Recorded information
####

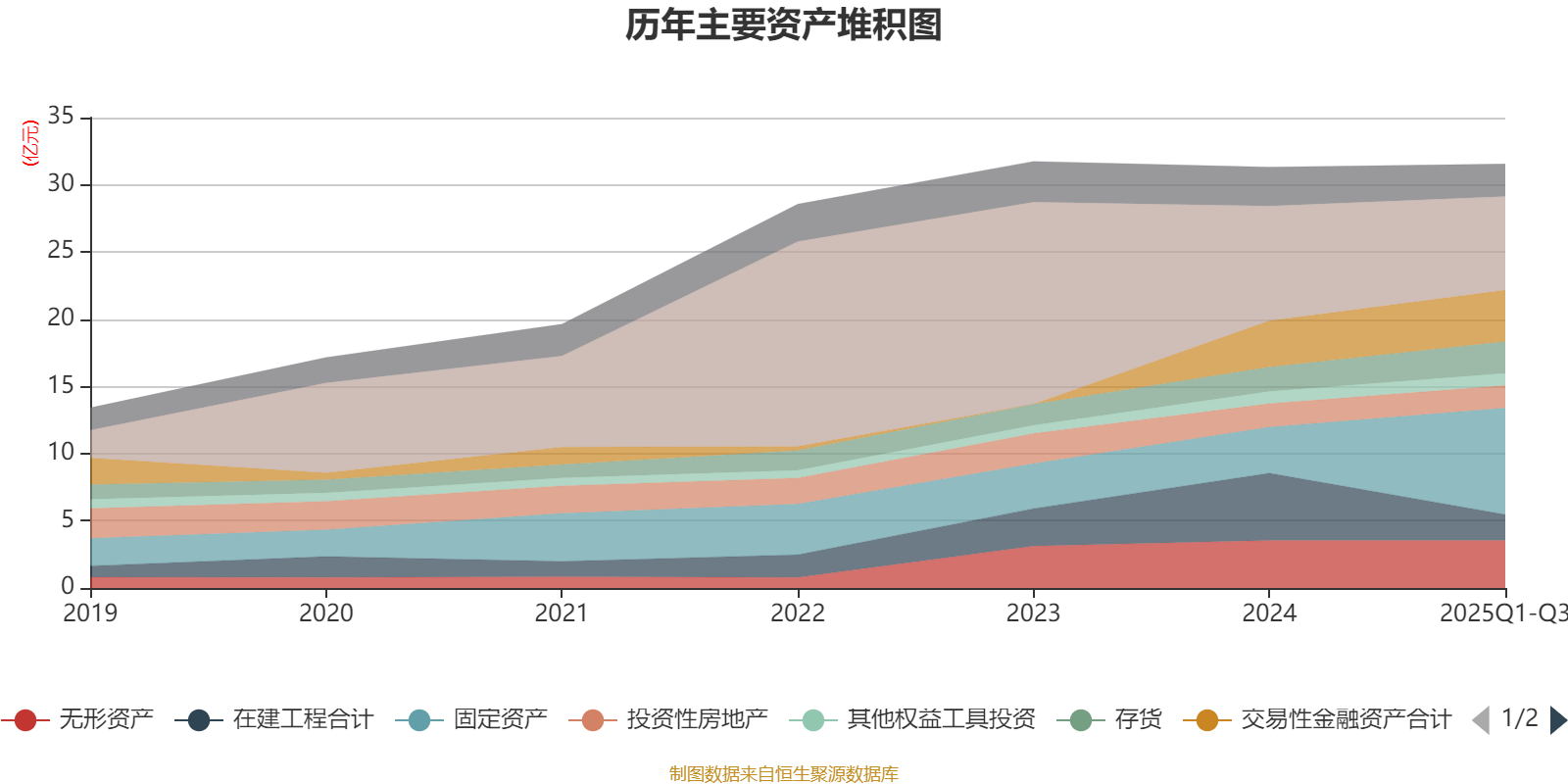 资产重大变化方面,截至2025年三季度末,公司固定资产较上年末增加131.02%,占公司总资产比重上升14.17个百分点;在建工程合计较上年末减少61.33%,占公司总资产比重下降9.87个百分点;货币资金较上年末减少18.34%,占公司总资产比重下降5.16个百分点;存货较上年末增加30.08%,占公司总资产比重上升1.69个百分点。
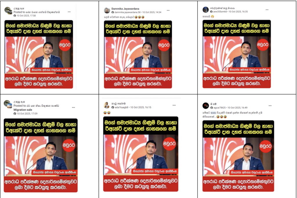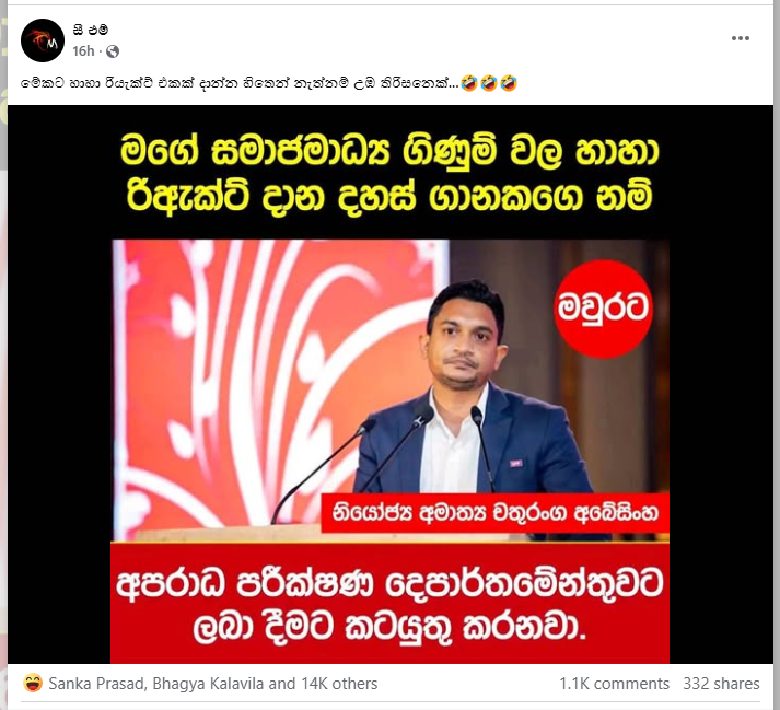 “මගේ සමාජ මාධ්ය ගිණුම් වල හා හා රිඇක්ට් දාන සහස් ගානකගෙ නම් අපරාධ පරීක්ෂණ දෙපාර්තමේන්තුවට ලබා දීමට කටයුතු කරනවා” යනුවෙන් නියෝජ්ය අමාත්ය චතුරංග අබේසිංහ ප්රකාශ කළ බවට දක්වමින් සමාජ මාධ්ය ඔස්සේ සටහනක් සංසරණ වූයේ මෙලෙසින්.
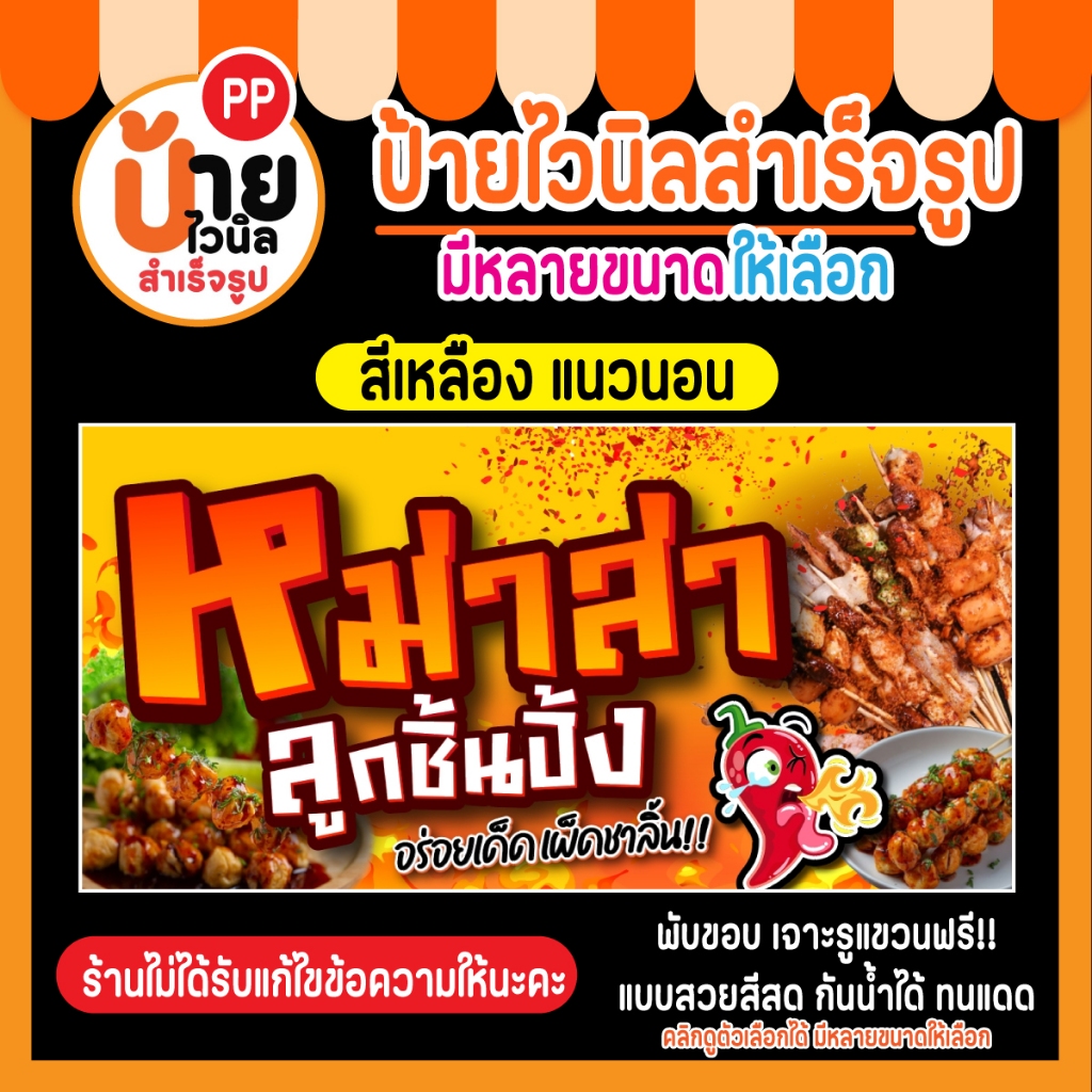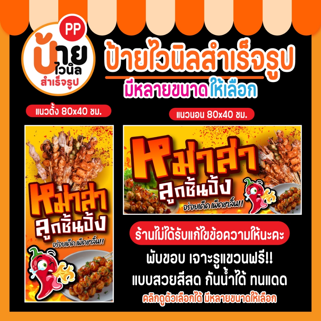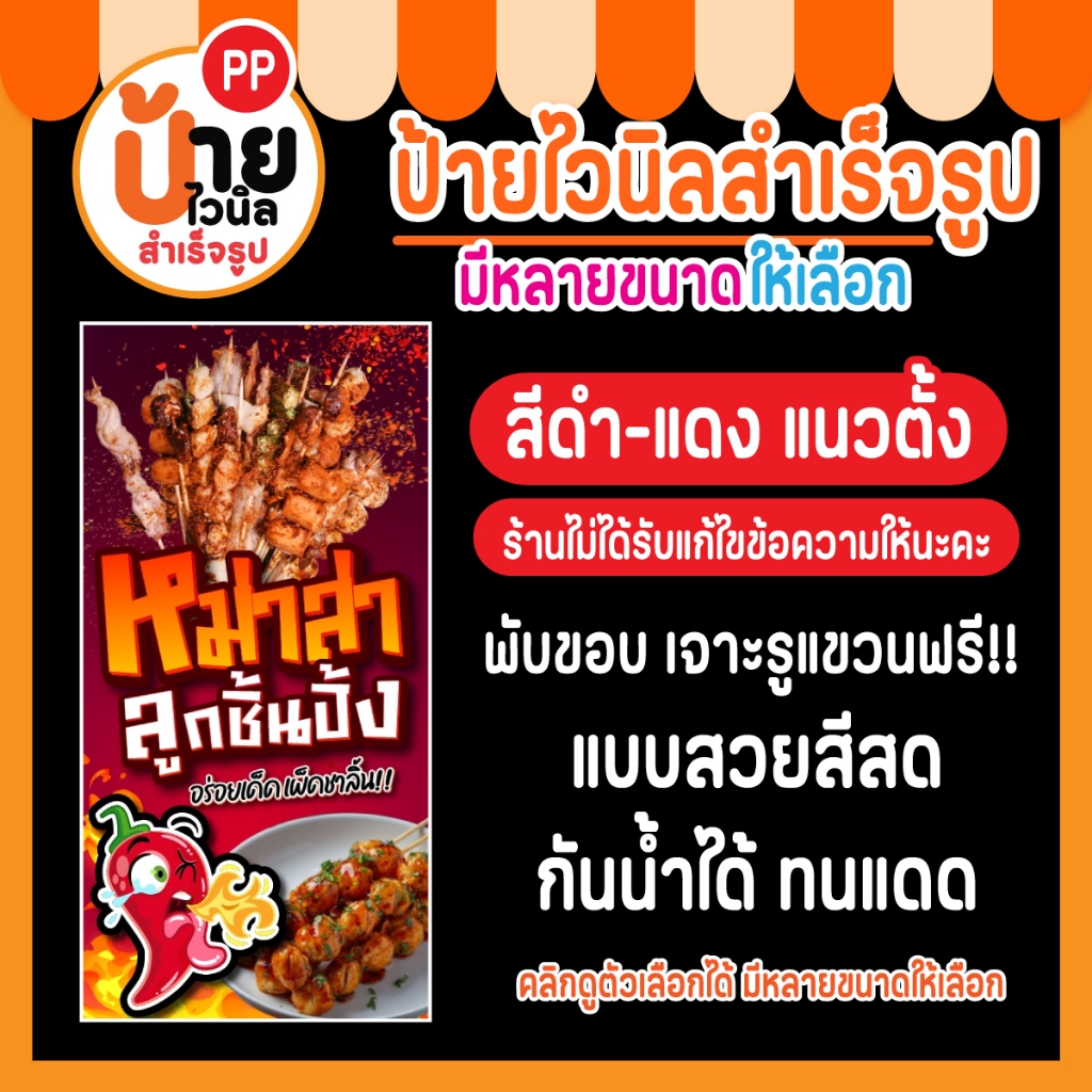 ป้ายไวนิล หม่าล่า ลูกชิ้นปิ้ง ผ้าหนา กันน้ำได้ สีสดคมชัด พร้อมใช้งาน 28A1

####

Problem description
The whole listing should be reproduced exactly. Images don't go in.

Exercise response
 资产重大变化方面,截至2025年三季度末,公司固定资产较上年末增加131.02%,占公司总资产比重上升14.17个百分点;在建工程合计较上年末减少61.33%,占公司总资产比重下降9.87个百分点;货币资金较上年末减少18.34%,占公司总资产比重下降5.16个百分点;存货较上年末增加30.08%,占公司总资产比重上升1.69个百分点。
 “මගේ සමාජ මාධ්ය ගිණුම් වල හා හා රිඇක්ට් දාන සහස් ගානකගෙ නම් අපරාධ පරීක්ෂණ දෙපාර්තමේන්තුවට ලබා දීමට කටයුතු කරනවා” යනුවෙන් නියෝජ්ය අමාත්ය චතුරංග අබේසිංහ ප්රකාශ කළ බවට දක්වමින් සමාජ මාධ්ය ඔස්සේ සටහනක් සංසරණ වූයේ මෙලෙසින්.
 ป้ายไวนิล หม่าล่า ลูกชิ้นปิ้ง ผ้าหนา กันน้ำได้ สีสดคมชัด พร้อมใช้งาน 28A1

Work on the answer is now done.